Wednesday, August 10, 2022

Rust Iterator pattern with iter(), into_iter() and iter_mut() methods

Let's create a vec of integers, iterate through and print the individual values, and then afterward, print out the whole vec. Here is the code:

fn main() {
   let some_ints = vec![1,2,3,4,5];
   for i in some_ints {
       dbg!(i);
   }

   dbg!(some_ints);
}

Simple right? Well nope. Trying to compile the above code will fail with the following errors:

error[E0382]: use of moved value: `some_ints`
   --> src/main.rs:9:9
    |
4   |    let some_ints = vec![1,2,3,4,5];
    |        --------- move occurs because `some_ints` has type `Vec<i32>`, 
    which does not implement the `Copy` trait
5   |    for i in some_ints {
    |             --------- `some_ints` moved due to this implicit call to `.into_iter()`
...
9   |    dbg!(some_ints);
    |         ^^^^^^^^^ value used here after move
    |
note: this function takes ownership of the receiver `self`, which moves `some_ints`
help: consider iterating over a slice of the `Vec<i32>`'s 
content to avoid moving into the `for` loop
    |
5   |    for i in &some_ints {
    |             +

For more information about this error, try `rustc --explain E0382`

Why is this the case? Why is the borrow checker preventing the use of a vec after a simple iteration?

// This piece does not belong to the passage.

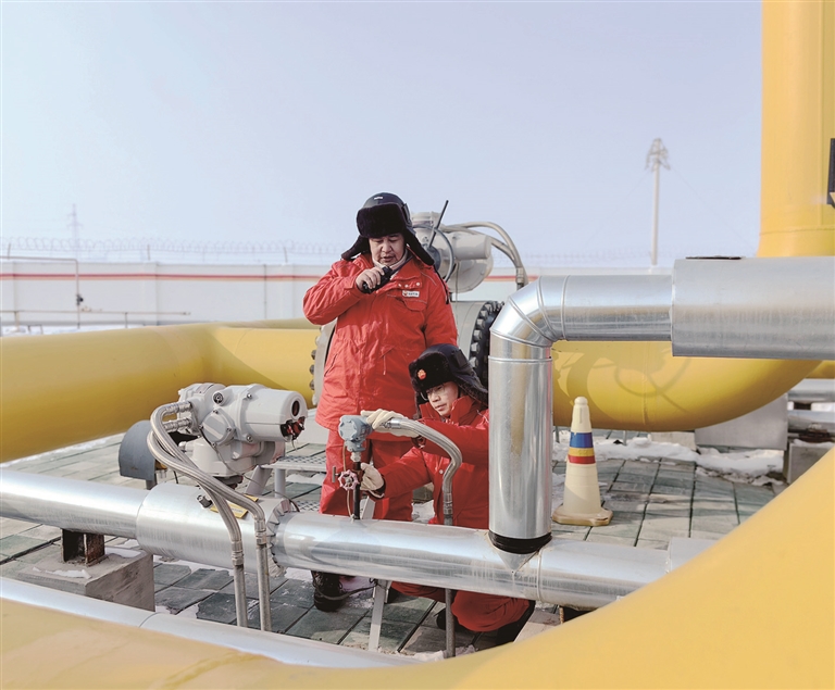 收拾工具、穿好工服、戴上保暖安全帽后,赛力汗·哈力木别和同事们开始站内巡检。门一推开,寒风迎面袭来。沿着站内小道一路走一路检查,他们的眼睛扫过一个个仪表、一段段管道,脸冻得通红。

Well, the answer to that question lies in Rust's implementation of the Iterator pattern - which by the way, is what makes it possible to use the for…in syntax.

Iterators are not special or unique to Rust. The concept can be found in a handful of languages. I wrote about the Iterator pattern as it exists in JavaScript in the post Iterables and Iterators in JavaScript.

The unique thing about the Iterator pattern in Rust is its interaction with the borrow checker.

If this interaction with the borrow checker is not taken into consideration then it is possible to bump into certain confusing compile errors while attempting to use the iterator pattern.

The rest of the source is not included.